• **Task to carry out**
What are the lines below, starting at the line containing "SET OF DIFFERENT COINS IN WOODEN CASING UP ON" and ending at the line containing "Rimador / Escariador"? Write them out exactly, ends included, without pictures.

• **The data**
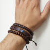 Men’s Multi-Strand Blue Leather Bracelet with Gold Evil Eye Bar
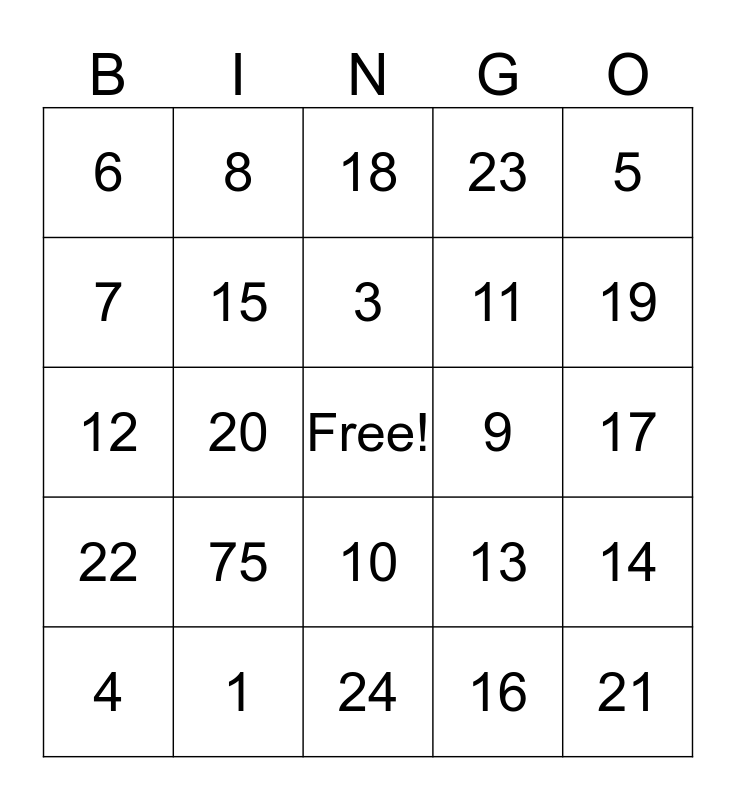 This bingo card has a free space and 24 words: 75, 1, 3, 4, 5, 6, 7, 8, 9, 10, 11, 12, 13, 14, 15, 16, 17, 18, 19, 20, 21, 22, 23 and 24.
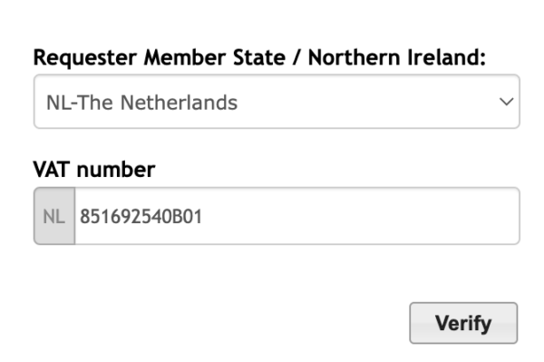 In our checkout process, we immediately validate your VAT number. To do so, we use the VIES VAT number validation API.
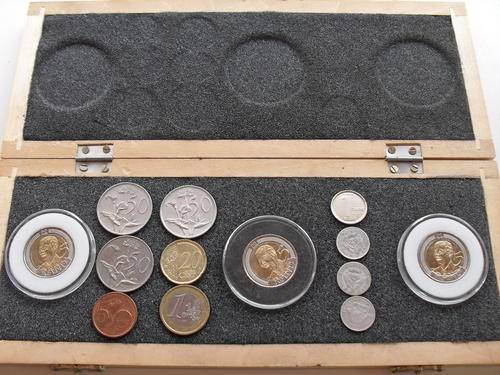SET OF DIFFERENT COINS IN WOODEN CASING UP ON
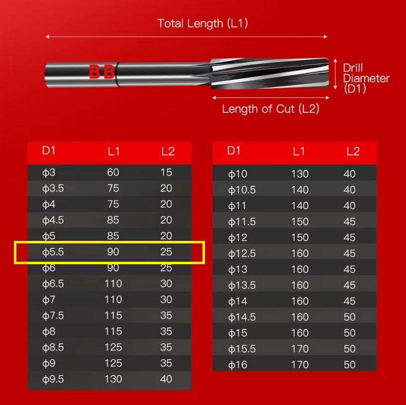 Rimador / Escariador / Rectificador de Recámaras 5.5 mm – Herramienta de Precisión para Maquinado CNC
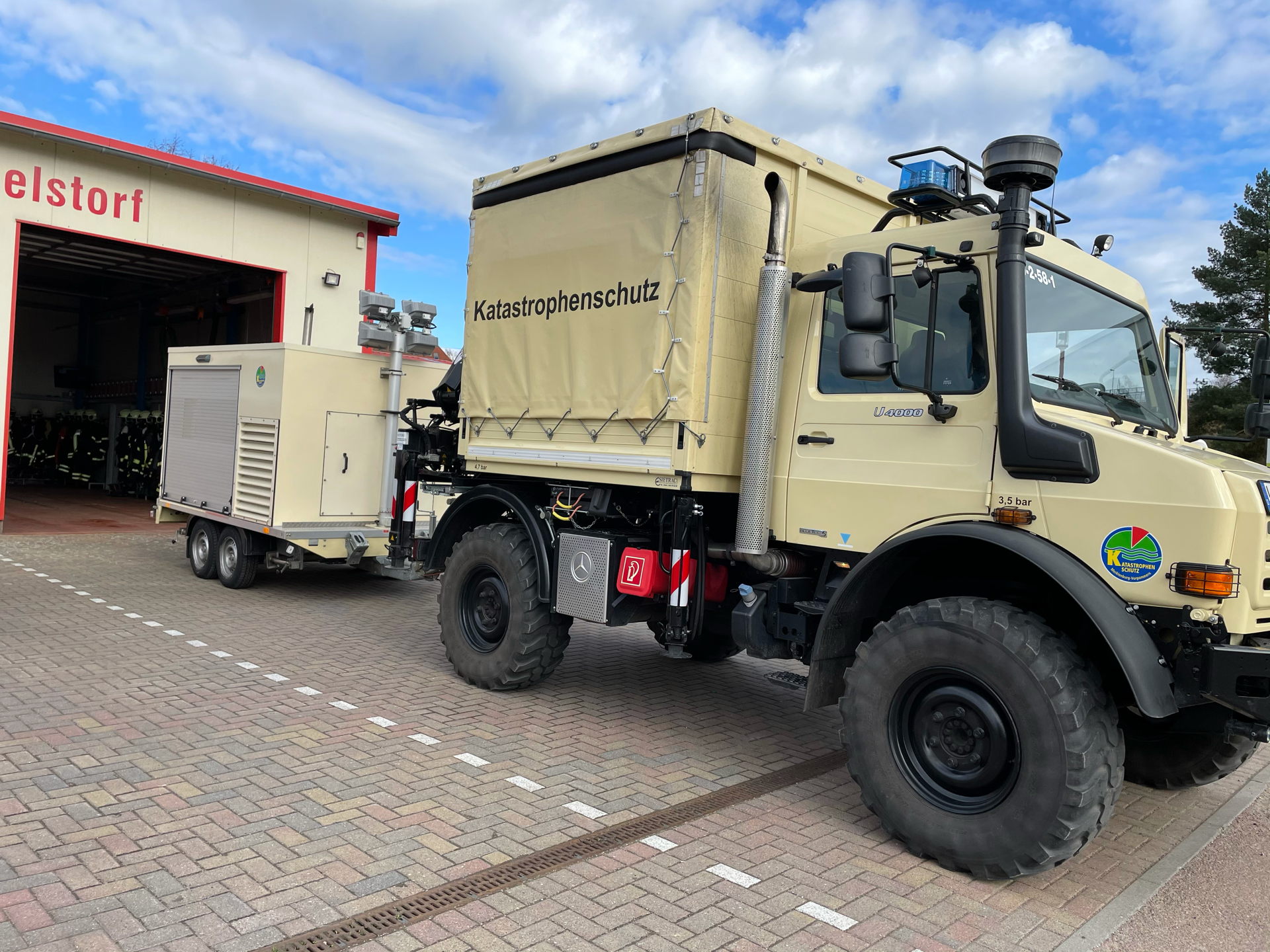 Am Donnerstagmittag hatten wir Besuch vom Landkreis. Unser im Jahre 2012 erhaltener Gerätewagen Katastrophenschutz besser bekannt als unser Unimog hat uns verlassen, auch wenn wir ihn gerne behalten hätten. Dennoch blicken wir mit einem lachendem und einem weinenden Auge darauf. Zum einen sind wir froh, dass wir unseren ELW nun wieder in unserem Gerätehaus begrüßen können aber zum anderen wird uns ein inzwischen ans Herz gewachsener Begleiter fehlen. Besonders das Elbhochwasser 2013 bleibt wohl im Gedächtnis. Wir wünschen ,,unserem" Unimog immer eine unfallfreie Fahrt und dass er alle Einsätze die noch auf ihn zukommen gut bewältigen wird. Und wer weiß. Vielleicht sieht man sich irgendwann ja mal wieder.
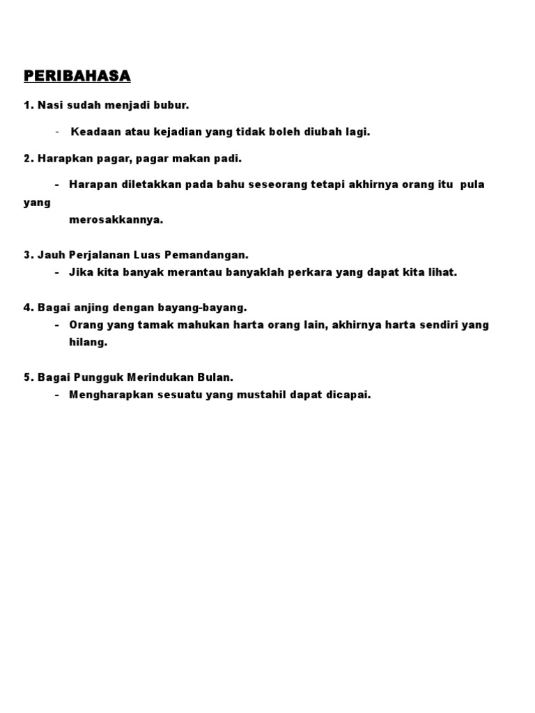 Senarai Peribahasa Dalam Buku Teks Bahasa Melayu Tingkatan 4 Dan 5
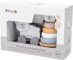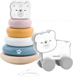 Descoperă setul perfect asortat de jucării din lemn Viga PolarB: o piramidă cu urs polar stabilă pentru sortarea și aranjarea inelelor și un ursuleț de tras care îi motivează pe cei mici la mișcare și la primii pași. Culorile pastel delicate și designul drăguț îi vor încânta pe copii și pe părinți.
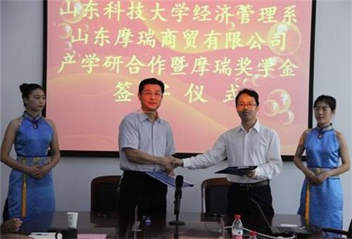 7月8日,经济管理系与山东摩瑞商贸有限公司产学研合作暨摩瑞奖学金设立签字仪式在经管系会议室隆重举行。摩瑞商贸有限公司董事长邓雄、执行总裁高雁、常务副总巩汝贤;经管系党总支书记韦安永、主任周洋、副主任张振华等出席签字仪式。仪式由经管系副主任刘庆志主持。
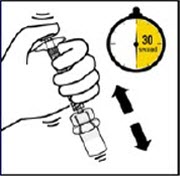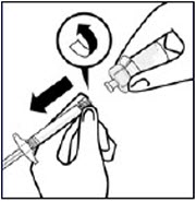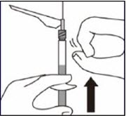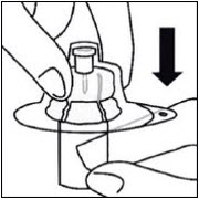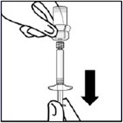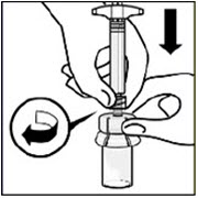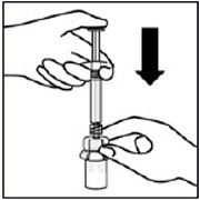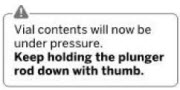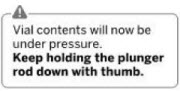 Vial contents will now be under pressure. Keep holding the plunger rod down with thumb.*
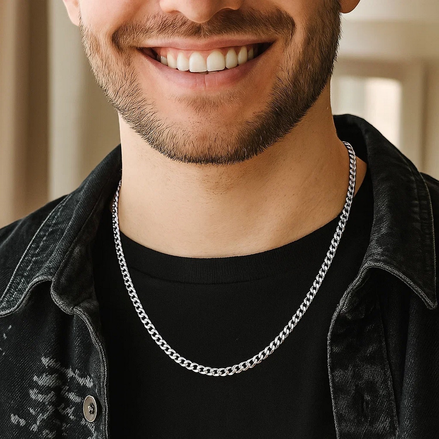 This classic rhodium plated chain is crafted in gleaming sterling silver and has a width of 3.7 millimeters. Featuring a curb chain design, it is secured with a lobster clasp.
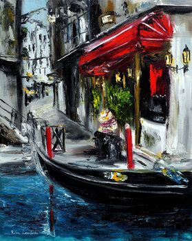 Dieses faszinierende Ölgemälde im impressionistischen Stil fängt die ruhige und faszinierende Schönheit Venedigs perfekt ein. Im Vordergrund sitzt ein erfahrener Gondoliere neben seiner Gondel, die sanft über die ruhigen Wasserstraßen der Stadt gleitet. Im Hintergrund rundet eine bezaubernde venezianische Straße die bezaubernde Atmosphäre des Gemäldes ab. Die zarten Pinselstriche und die exquisite Farbgebung des Kunstwerks strahlen Ruhe und Nostalgie… aus und entführen den Betrachter in diese einzigartige Stadt. Nach seiner erfolgreichen Europatournee wurde dieses Kunstwerk auf renommierten Kunstmessen in Paris, Innsbruck und zwei Ausstellungen in Madrid gezeigt.
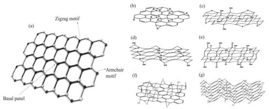 Graphene oxide (GO) is a graphene derivative rich in oxygens functional groups. It has epoxide and hydroxyl groups on its basal lattice, and aldehyde, carboxylic and ketone groups on its layer edge. Hence, GO is a material structurally rich in oxygen, carbon and hydrogen. Due to the fact that different methods are used to synthesize GO, its composition and non-stoichiometric structure are highly based on the production details [45]. Consequently, numerous studies has proposed several structures of GO, namely the Hofmann, Ruess, Scholz–Boehm, Nakajima–Matsuo, Lerf–Klinowski and Szabo models [46], as shown in Figure 3b–g.
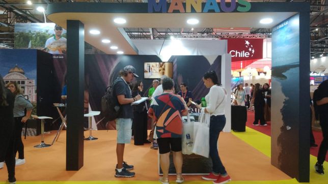 O estande também acomoda 16 empresários do turismo local, que junto à equipe técnica da prefeitura oferecem brindes, artesanatos regionais produzidos com sementes, bananinha frita, balas de cupuaçu e castanha do Brasil e um rico material promocional da cidade.
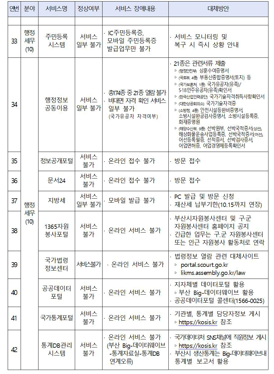 국가정보자원관리원 전산시설 화재발생으로 인한 부산시 시스템 일부 서비스 중단 안내

• **Written answer**
SET OF DIFFERENT COINS IN WOODEN CASING UP ON
 Rimador / Escariador / Rectificador de Recámaras 5.5 mm – Herramienta de Precisión para Maquinado CNC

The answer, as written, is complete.